__Work required__
Beginning with the line that contains "Dog Tag Necklace" and ending with the line that contains "翻建工程擬于明天開工,今年十", reproduce the lines of the entries below exactly, omitting pictures.

__Material provided__
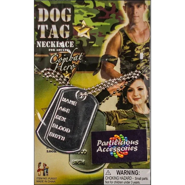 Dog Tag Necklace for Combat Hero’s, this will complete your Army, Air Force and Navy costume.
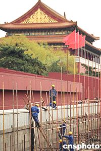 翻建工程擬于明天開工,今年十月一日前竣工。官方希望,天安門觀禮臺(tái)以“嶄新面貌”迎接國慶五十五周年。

--

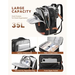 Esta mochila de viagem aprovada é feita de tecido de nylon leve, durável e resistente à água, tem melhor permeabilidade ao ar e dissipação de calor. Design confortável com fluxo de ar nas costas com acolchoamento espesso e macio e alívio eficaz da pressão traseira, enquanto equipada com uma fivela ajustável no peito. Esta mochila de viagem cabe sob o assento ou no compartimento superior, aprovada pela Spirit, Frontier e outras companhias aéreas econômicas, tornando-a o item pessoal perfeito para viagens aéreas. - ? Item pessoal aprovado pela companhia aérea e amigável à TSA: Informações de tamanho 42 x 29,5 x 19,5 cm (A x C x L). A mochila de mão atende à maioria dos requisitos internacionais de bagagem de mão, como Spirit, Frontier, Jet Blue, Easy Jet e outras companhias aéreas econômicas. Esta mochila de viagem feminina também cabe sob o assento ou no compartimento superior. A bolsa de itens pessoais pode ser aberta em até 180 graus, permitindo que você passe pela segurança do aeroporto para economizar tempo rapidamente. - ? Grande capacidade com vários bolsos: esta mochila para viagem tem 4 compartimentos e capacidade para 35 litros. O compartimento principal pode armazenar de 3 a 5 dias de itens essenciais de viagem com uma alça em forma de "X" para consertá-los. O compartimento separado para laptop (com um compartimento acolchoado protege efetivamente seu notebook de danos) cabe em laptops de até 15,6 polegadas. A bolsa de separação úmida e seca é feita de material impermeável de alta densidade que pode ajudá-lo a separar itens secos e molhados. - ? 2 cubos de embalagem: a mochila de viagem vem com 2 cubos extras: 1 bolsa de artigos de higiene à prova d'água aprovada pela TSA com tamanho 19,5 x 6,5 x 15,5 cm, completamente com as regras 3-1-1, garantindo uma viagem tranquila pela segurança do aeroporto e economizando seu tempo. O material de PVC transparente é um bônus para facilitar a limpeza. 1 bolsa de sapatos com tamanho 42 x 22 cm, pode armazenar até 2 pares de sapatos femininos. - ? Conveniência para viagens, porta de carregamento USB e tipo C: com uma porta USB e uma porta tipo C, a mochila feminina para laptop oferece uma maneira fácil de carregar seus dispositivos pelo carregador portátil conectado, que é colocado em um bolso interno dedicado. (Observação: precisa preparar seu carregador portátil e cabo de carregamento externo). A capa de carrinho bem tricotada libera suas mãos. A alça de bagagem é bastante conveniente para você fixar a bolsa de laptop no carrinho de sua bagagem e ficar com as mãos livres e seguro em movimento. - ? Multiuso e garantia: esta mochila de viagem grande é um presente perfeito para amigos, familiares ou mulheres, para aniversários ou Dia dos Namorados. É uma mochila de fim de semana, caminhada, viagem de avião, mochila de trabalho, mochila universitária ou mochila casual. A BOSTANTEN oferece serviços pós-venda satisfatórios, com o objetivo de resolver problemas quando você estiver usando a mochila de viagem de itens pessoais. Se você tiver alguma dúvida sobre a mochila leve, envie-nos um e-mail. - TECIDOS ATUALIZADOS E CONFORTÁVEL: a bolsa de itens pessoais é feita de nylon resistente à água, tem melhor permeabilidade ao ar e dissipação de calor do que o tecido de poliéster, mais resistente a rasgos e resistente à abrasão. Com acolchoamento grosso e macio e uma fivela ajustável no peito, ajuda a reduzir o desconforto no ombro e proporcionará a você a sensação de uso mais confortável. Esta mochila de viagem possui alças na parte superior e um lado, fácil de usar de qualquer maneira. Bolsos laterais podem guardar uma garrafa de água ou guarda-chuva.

__Your response__
 Dog Tag Necklace for Combat Hero’s, this will complete your Army, Air Force and Navy costume.
 翻建工程擬于明天開工,今年十月一日前竣工。官方希望,天安門觀禮臺(tái)以“嶄新面貌”迎接國慶五十五周年。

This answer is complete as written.